Il y a des projets artistiques qui bouleversent instantanément. « L’herbe aux yeux bleus » fait sans nul doute partie de ceux-là. Cette exposition de Sophie Zénon, présentée du 1er avril au 28 mai 2023 à La Chambre, un espace strasbourgeois, est une expérience aussi émouvante qu’instructive. Elle met en avant plusieurs photogrammes de plantes, ainsi qu’une vingtaine de livres d’art, créés à partir d’archives issues de l’album de la guerre (L’Illustration), des estampages de troncs d’arbres fusillés et des photographies de paysages.

Corps 1
  • Les plantes obsidionales

Les photogrammes qui sont au cœur de l’exposition strasbourgeoise mettent en valeur les plantes obsidionales, ces espèces végétales importées à la faveur des conflits et des mouvements de troupes.  Historienne de formation, aujourd’hui photographe plasticienne, Sophie Zénon les a découvertes lors d’un de ses précédents travaux portant sur la mémoire des paysages de guerre. Fascinée par cette flore méconnue, l’artiste s’est alors tournée vers le botaniste François Vernier afin qu’il l’épaule dans ses recherches.

Parcourant avec lui la Lorraine, région d’Europe qui a vu, aux 19e et 20e siècles, le passage de nombreuses armées étrangères, ils sont allés récolter quelques-unes des 21 espèces répertoriées sur le territoire.

  • Des photogrammes animés

Après avoir franchi les voiles transparents qui donnent à voir La Seille, rivière qui, de la guerre de 1870-71 à celle de 1914 marque la frontière franco-allemande en Moselle, le visiteur est plongé dans un univers onirique où le végétal est roi. La scénographie l’oriente alors vers des photogrammes, autrement dit des images photographiques sollicitant l’empreinte directe de la plante sur un papier photosensible. Roquette d’Orient ou Bunias d’Orient, Grande gentiane, Bermudienne ou Herbe aux yeux bleus… ces témoins discrets et inaudibles de l’histoire se révèlent soudain être les protagonistes vedettes de l’exposition.

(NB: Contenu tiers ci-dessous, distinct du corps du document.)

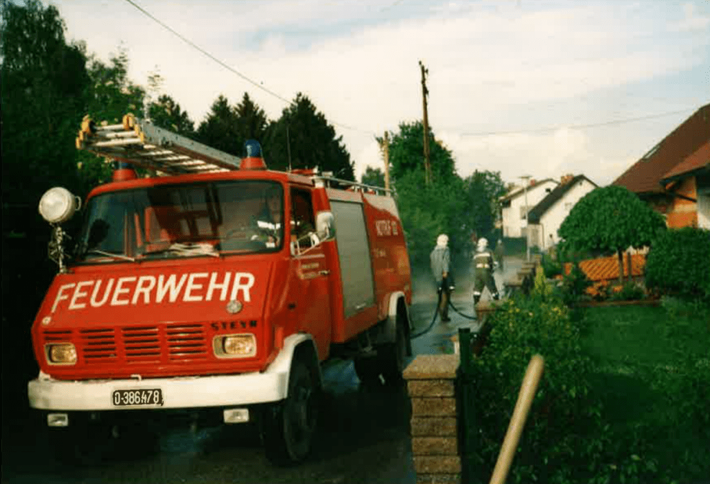 Im Jahre 1933 wurde auch der erste Rüstwagen von der Firma Öhlinger in St. Georgen im Attergau angekauft. Der Kaufpreis betrug S 1500.—. Dieser Betrag wurde bis zur Abzahlung von Wehrführer Sonnberger vorgestreckt. Die Umbauarbeiten des Aufbaues wurden von den Kameraden Untermaier, Pickl und H. Stögmüller durchgeführt.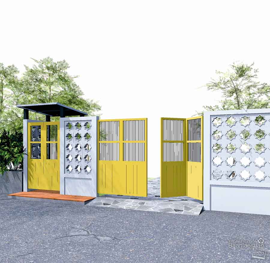 สร้างสรรค์ลวดลายที่สวยงามแปลกตาแบบง่ายๆ ด้วยการใช้บล็อกช่องลมที่มีลวดลายสวยงามเรียงต่อกันและยังสามารถรับลมได้ดี ออกแบบประตูรั้วเป็นบานเฟี้ยมที่เหมาะสำหรับพื้นที่จำกัดที่ไม่สามารถทำรางเลื่อนด้านข้างได้ แล้วยังไม่เสียพื้นที่ในการเปิดมากเท่ากับบานเปิดคู่ พร้อมทำซุ้มทางเดินเข้ามีหลังคาคลุมซึ่งอาจทำต่อเนื่องไปถึงตัวบ้านให้เดินเข้าบ้านโดยไม่เปียกฝนก็ได้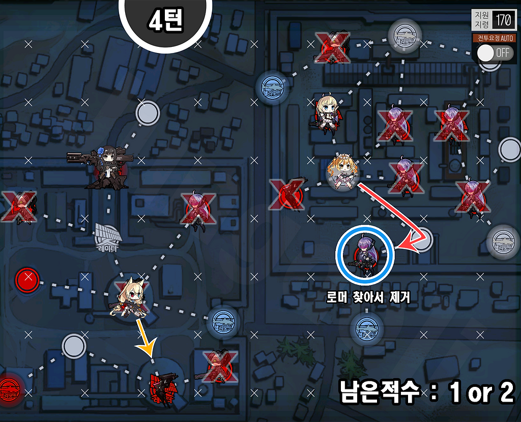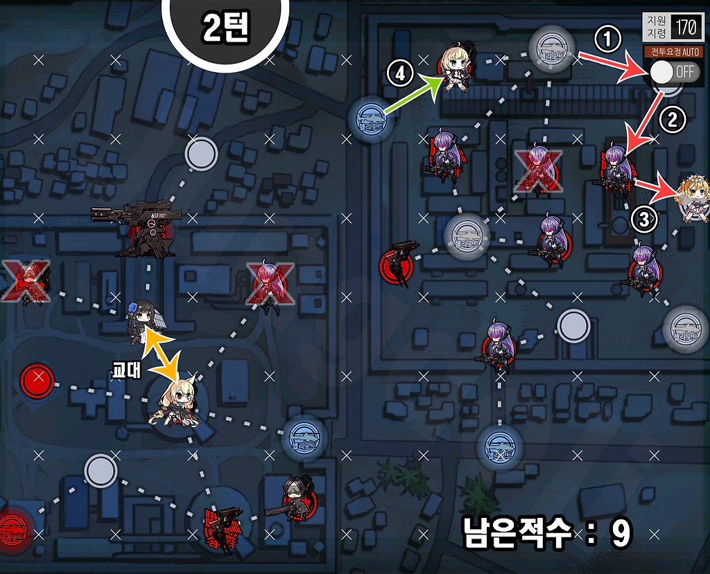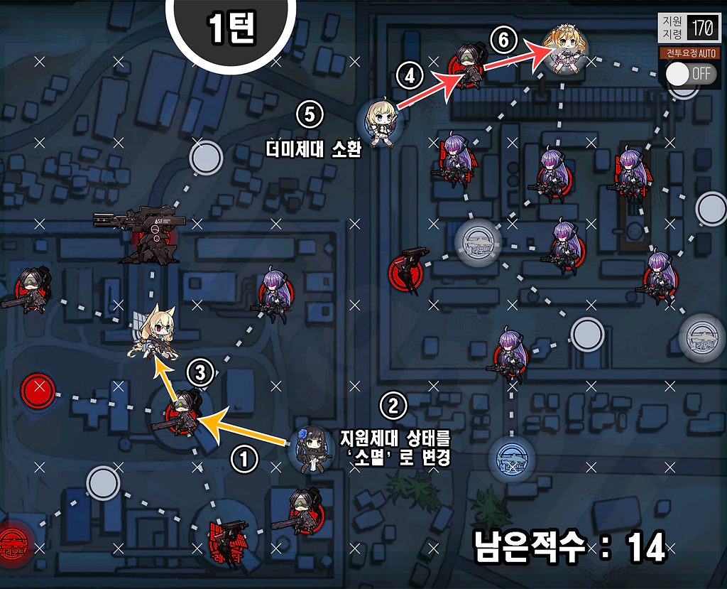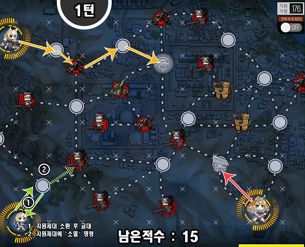 1) AR은 자가 화력스킬을 가진 전술인형을 준비.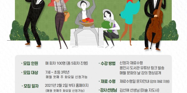용인중앙도서관은 코로나19로 지친 아이들을 위한 온라인 프로그램 ‘아트 감수성 UP 프로젝트-책 속 예술여행’을 운영한다고 31일 밝혔다. 2월부터 6월까지 매월 마지막 주 수요일 문화가 있는 날에 진행될 책 속 예술여행은 코로나19로 지친 아이들에게 책과 함께 다양한 예술 장르…

Plus ou moins vive, la lumière s’immisce dans les courbes de ces organismes, comme une sève régénératrice. Au détour des feuilles, en fonction des modèles et de la technique utilisée, les nuances de verts-gris côtoient des lueurs étincelantes qui se font tour à tour l’écho de mille interprétations. De-là, ces œuvres originales jouent avec l’imagination du spectateur, entre mitrailleuses déchirant la nuit du champ de bataille ou ballets de fragiles danseuses …

Corps 2
  • Une technique de réalisation unique

En plus d’être une réussite esthétique et poétique, ces photogrammes résultent d’une véritable prouesse technique. Ils sont le produit d’une étroite collaboration entre l’artiste et Diamantino Quintas, l’un des derniers spécialistes français du tirage argentique. Ainsi, ce projet s’est révélé être « une véritable aventure humaine », selon les dires de l’artiste. 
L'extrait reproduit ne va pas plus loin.